Goal of the exercise:
Nothing but the lines below from the one containing "Высокопрочные композиты: верхняя" through the one containing "यसैगरी, बिहिबार कतारी" should appear in the answer, exact and without pictures.

Record set:
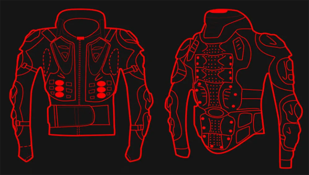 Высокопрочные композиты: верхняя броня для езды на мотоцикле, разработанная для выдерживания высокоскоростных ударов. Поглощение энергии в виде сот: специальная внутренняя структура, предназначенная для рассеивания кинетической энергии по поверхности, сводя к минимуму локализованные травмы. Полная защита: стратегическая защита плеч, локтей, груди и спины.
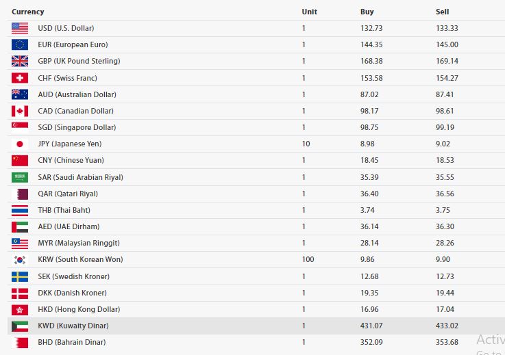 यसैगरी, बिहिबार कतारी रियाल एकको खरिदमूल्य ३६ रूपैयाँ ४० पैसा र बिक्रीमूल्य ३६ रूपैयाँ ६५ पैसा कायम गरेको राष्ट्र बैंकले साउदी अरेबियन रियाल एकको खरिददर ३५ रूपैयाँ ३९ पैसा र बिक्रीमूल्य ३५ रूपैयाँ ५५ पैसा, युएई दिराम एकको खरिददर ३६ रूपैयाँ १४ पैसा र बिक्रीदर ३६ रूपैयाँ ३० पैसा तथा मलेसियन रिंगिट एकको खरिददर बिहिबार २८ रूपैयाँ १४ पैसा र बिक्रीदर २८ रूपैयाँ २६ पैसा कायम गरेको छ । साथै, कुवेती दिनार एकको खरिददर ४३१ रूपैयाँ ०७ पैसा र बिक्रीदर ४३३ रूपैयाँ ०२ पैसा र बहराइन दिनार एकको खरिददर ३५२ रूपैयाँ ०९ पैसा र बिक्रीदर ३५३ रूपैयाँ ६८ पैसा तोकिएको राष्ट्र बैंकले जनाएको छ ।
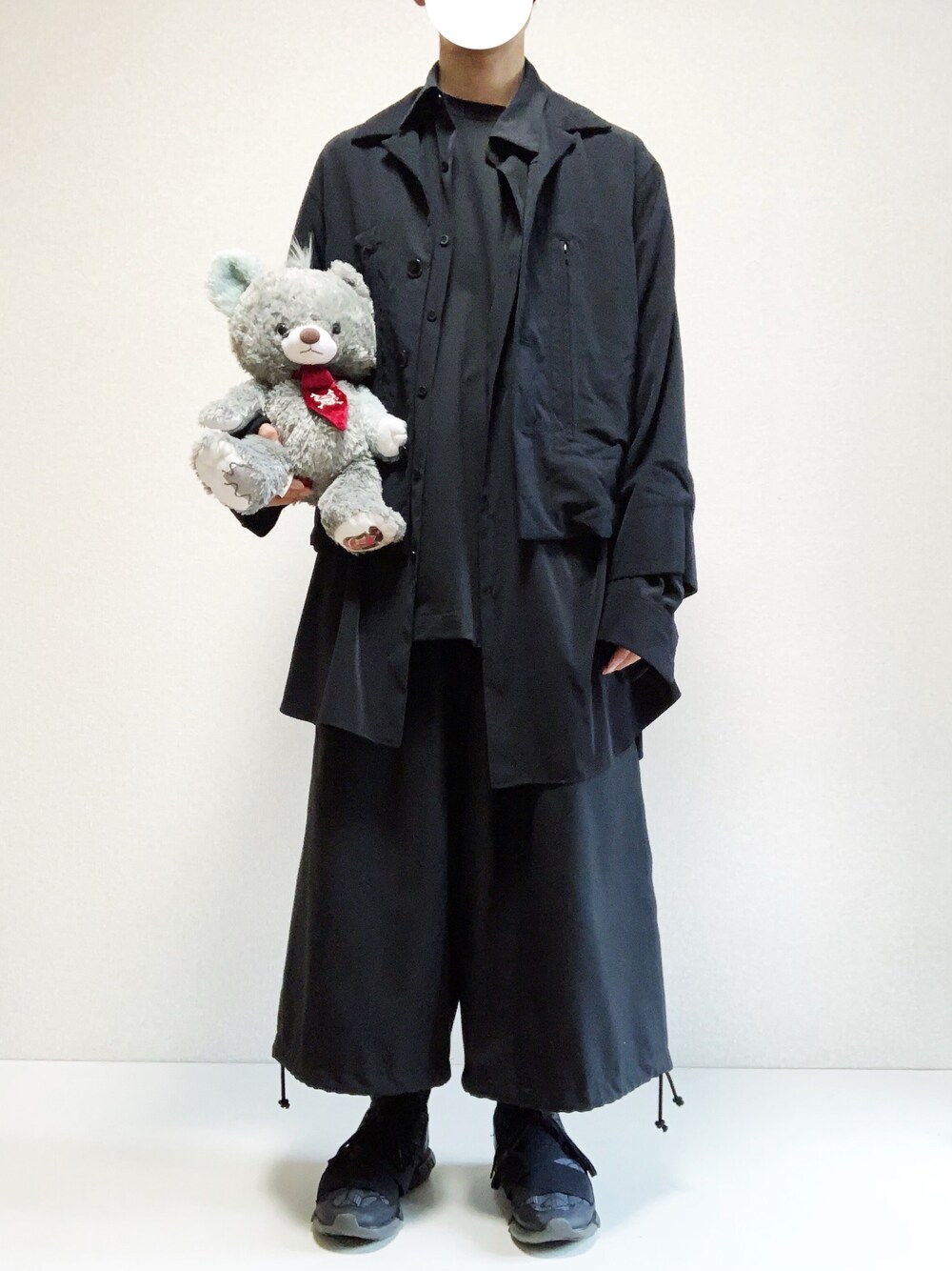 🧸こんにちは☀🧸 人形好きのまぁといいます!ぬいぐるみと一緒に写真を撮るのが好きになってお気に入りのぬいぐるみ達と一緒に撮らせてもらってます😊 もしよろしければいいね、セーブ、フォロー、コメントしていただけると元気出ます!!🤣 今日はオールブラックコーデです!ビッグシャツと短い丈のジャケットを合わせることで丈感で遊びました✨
--
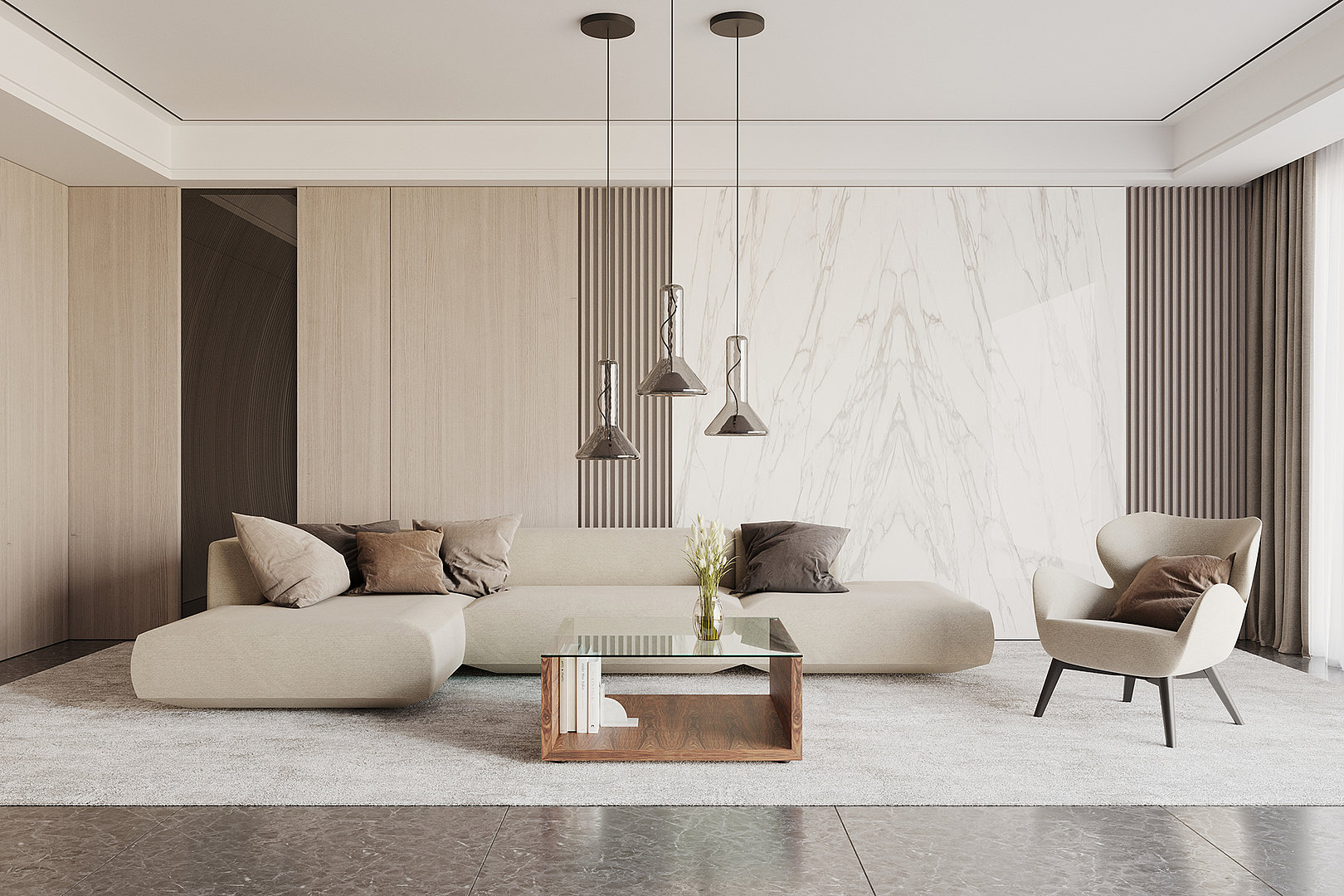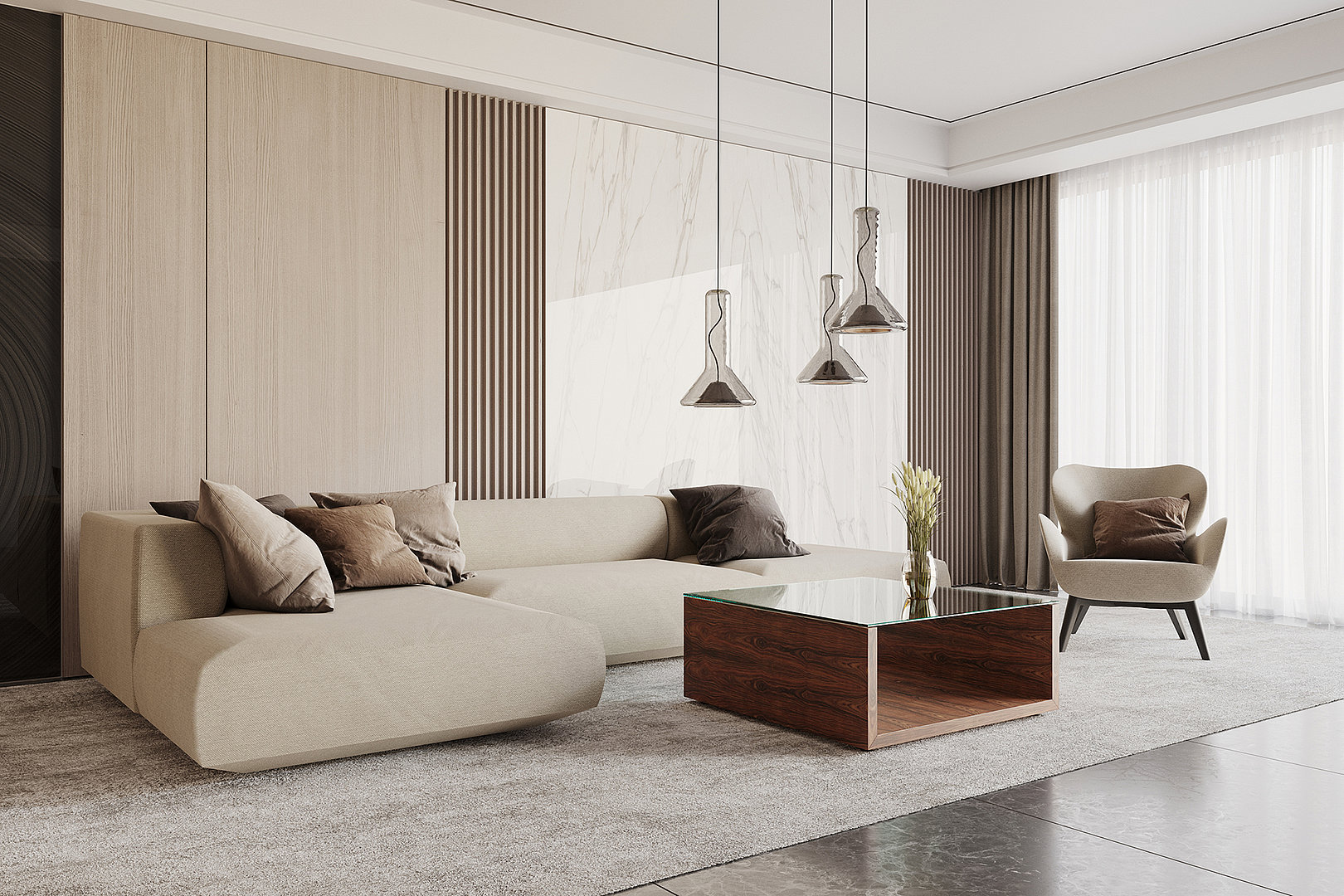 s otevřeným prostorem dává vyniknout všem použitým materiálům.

Problem solution:
 Высокопрочные композиты: верхняя броня для езды на мотоцикле, разработанная для выдерживания высокоскоростных ударов. Поглощение энергии в виде сот: специальная внутренняя структура, предназначенная для рассеивания кинетической энергии по поверхности, сводя к минимуму локализованные травмы. Полная защита: стратегическая защита плеч, локтей, груди и спины.
 यसैगरी, बिहिबार कतारी रियाल एकको खरिदमूल्य ३६ रूपैयाँ ४० पैसा र बिक्रीमूल्य ३६ रूपैयाँ ६५ पैसा कायम गरेको राष्ट्र बैंकले साउदी अरेबियन रियाल एकको खरिददर ३५ रूपैयाँ ३९ पैसा र बिक्रीमूल्य ३५ रूपैयाँ ५५ पैसा, युएई दिराम एकको खरिददर ३६ रूपैयाँ १४ पैसा र बिक्रीदर ३६ रूपैयाँ ३० पैसा तथा मलेसियन रिंगिट एकको खरिददर बिहिबार २८ रूपैयाँ १४ पैसा र बिक्रीदर २८ रूपैयाँ २६ पैसा कायम गरेको छ । साथै, कुवेती दिनार एकको खरिददर ४३१ रूपैयाँ ०७ पैसा र बिक्रीदर ४३३ रूपैयाँ ०२ पैसा र बहराइन दिनार एकको खरिददर ३५२ रूपैयाँ ०९ पैसा र बिक्रीदर ३५३ रूपैयाँ ६८ पैसा तोकिएको राष्ट्र बैंकले जनाएको छ ।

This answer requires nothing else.